## DATA TO USE

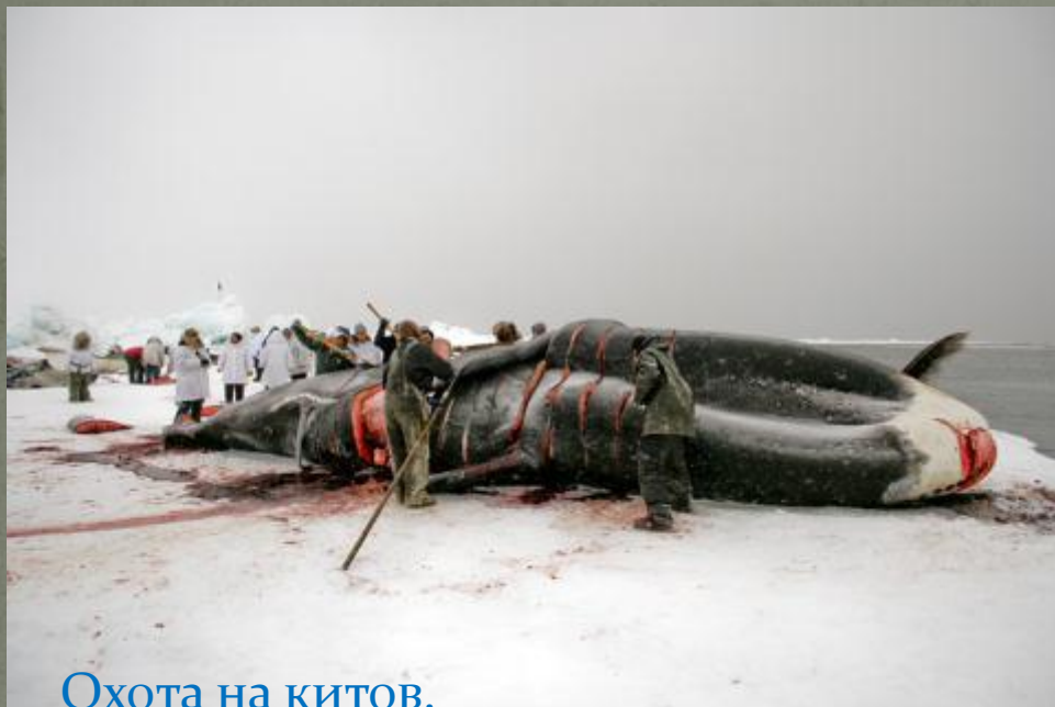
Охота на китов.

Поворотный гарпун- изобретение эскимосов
...
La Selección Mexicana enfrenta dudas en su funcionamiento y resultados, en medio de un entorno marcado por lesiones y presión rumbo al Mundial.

## PROBLEM DESCRIPTION
Above are the entries. Quote exactly the lines from the one bearing "Охота на китов." through the one bearing "Поворотный гарпун- изобретение эскимосов".

## RESPONSE
Охота на китов.

Поворотный гарпун- изобретение эскимосов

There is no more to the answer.